The only real problem in the "pioneer days" were pyrogen reactions from contaminated disposable syringes! In the memorable era working with Henry Wagner, Dick Reba and others, after a few preliminary animal experiments, we would try one or more new radionuclides and their tracer compounds in one or a few patients, and found out quickly which ones were going to work in humans. Such an approach would be unthinkable today, and would require many years to reach the same conclusions. Somewhere, an error was made in neglecting the concept that radiopharmaceutical agents are radiotracers devoid of any pharmacological effects and treating them as radioactive DRUGS subject to regulations similar to those of stable drugs used therapeutically.

An interesting problem encountered in the "early years" was the difficulty in obtaining research funding. Thanks to the diligence of many scientists in the different disciplines of nuclear medicine, this funding has increased tremendously. At one time, Wagner, Reba and I had an NIH [National Institutes of Health] grant rejected because the reviewers believed that no radioactive agent could ever successfully image the kidneys because the extra-renal background activity would be too high. Moreover, such an agent was not needed because of the superior spatial resolution of intravenous pyelography. However, we promptly sent them the first successful renal images, and they approved the grant [11].

Mannie Subramanian and I had a similar experience in proposing a Tc-99m bone agent to the NIH [13]. The rejection report stated that everyone knows that this radionuclide does not localize in the bone. However, we obtained a little funding from the American Cancer Society. After several dog experiments, we imaged a patient with prostatic bone metastases with Tc-99m polyphosphate and Fed Ex-ed the slides to one of the Society of Nuclear Medicine meetings in time for Mannie Subramanian's presentation. Such quick progress would take much longer today. We did eventually get NIH funding for skeletal imaging.

Ages ago, the late Giovanni Di Chiro [14] at the NIH established the value of F-18 FDG [2-(fluorine-18)fluoro-2-deoxy-D-glucose] in differentiating malignant brain tumors from benign lesions by positron emission tomography. Many years elapsed before several investigators tried it in other malignancies, resulting in another great successful clinical application.
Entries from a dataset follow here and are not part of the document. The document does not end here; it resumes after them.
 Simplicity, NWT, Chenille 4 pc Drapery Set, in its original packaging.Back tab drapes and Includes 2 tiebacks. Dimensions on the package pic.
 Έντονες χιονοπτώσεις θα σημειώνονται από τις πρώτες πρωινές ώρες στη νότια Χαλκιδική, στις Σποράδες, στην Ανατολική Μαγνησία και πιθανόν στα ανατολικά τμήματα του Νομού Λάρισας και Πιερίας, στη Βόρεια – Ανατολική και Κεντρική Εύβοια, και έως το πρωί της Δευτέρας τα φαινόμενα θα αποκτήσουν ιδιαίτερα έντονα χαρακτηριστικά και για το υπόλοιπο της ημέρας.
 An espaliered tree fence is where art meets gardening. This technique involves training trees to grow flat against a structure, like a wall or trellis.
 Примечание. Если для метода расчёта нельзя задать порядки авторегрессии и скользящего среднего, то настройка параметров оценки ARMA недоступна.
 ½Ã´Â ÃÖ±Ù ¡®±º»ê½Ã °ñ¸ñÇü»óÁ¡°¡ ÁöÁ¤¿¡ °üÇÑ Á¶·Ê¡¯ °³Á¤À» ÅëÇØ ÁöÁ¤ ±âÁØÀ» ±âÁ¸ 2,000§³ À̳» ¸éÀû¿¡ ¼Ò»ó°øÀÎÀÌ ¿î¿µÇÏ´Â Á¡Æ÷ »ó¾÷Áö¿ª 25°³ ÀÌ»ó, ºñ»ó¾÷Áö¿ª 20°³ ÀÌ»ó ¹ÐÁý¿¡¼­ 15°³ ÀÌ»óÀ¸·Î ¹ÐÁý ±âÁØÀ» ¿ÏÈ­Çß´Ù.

After decades of commendable research projects in PET imaging without important undesirable effects, we are now battling FDA [Food and Drug Administration] lengthy guidelines for clinical FDG PET. Nuclear medicine has become the most over-regulated field in medicine. It is ironic that the burden of regulation in radiological disciplines is inversely related to the radiation doses involved—minimal restrictions in radiation oncology, intermediate for diagnostic radiography and CT [computed tomography] and maximal for radionuclide imaging. Nonetheless, the current scientists in nuclear medicine seem steadfast in their optimism for more progress in the future [McAfee JG, written communication, May 1999].
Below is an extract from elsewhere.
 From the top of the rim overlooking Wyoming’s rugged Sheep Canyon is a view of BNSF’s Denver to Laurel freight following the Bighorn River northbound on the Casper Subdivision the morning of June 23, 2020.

Henry Wagner entered the field of nuclear medicine in 1958, 5 years after the founding of the Society of Nuclear Medicine. He was president of the society in 1971, the year when the American Board of Nuclear Medicine was founded. Merrill Bender, as previous president of the society, had set the direction for the formation of the Board and for the establishment of a recognized specialty. Wagner reflects that he faced a

hostile environment waiting to attack the concept of a new specialty. These early days manifest rampant territoriality in the struggle to gain control of radioactive materials in medicine. Recognition of nuclear medicine as a medical specialty played a major role in getting us to where we are today. Among the threats in the past was HCFA's [Health Care Financing Administration's] failed attempt to fold nuclear med into the ACR/RVS [American College of Radiology/relative value scale]. It is not correct to imply that pioneers of nuclear medicine, such as Merrill Bender [5,15, 16], a person unknown to most young persons in nuclear medicine today, were only concerned with the science and not the practice of nuclear medicine.
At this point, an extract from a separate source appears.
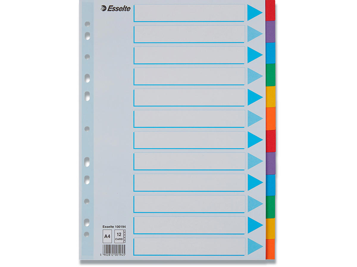 • 12 farvede faner til nem inddeling
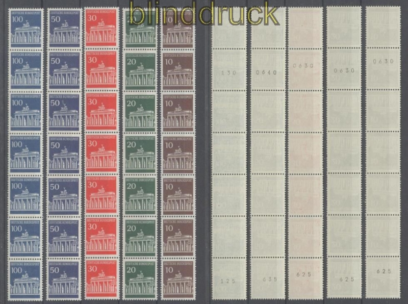 Bundesrepublik Mi # 506/10 R postfrisch Brandenburger Tor 7er-Streifen mit Nummer Brandenburger Tor Rollenmarken komplette Ausgabe senkrechte 7er-Streifen die Streifen sind an der 4. Marken gefaltet sodass zwei einwandfreie 3er-Streifen da sind postfrisch Erhaltung siehe Scan

Nevertheless, although a defensive posture was needed during much of the past, today it is time for "outreach" to be the keynote of our specialty. Nothing illustrates this better than the history of the development of nuclear cardiology, a great force for good in medicine in general, and nuclear medicine in particular. In no field of medicine are the principles of nuclear medicine better accepted than in cardiology. This should be the example for future directions that will let nuclear medicine become all that it was expected to be at the time of its founding after World War II.

Integration is the key to the future. For example, integration with radiology is no longer a negative factor in the growth and development of nuclear medicine, but because of the recognition of the value of PET, radiology and other medical specialties are increasing their interest in the field. Many years ago I said that the worse thing that could happen to nuclear medicine would be if cardiologists were not interested in it. Radiology is becoming more like nuclear medicine, as radiologists become more involved with patients and are not just "image interpreters" [Wagner H, written communication, May 1999].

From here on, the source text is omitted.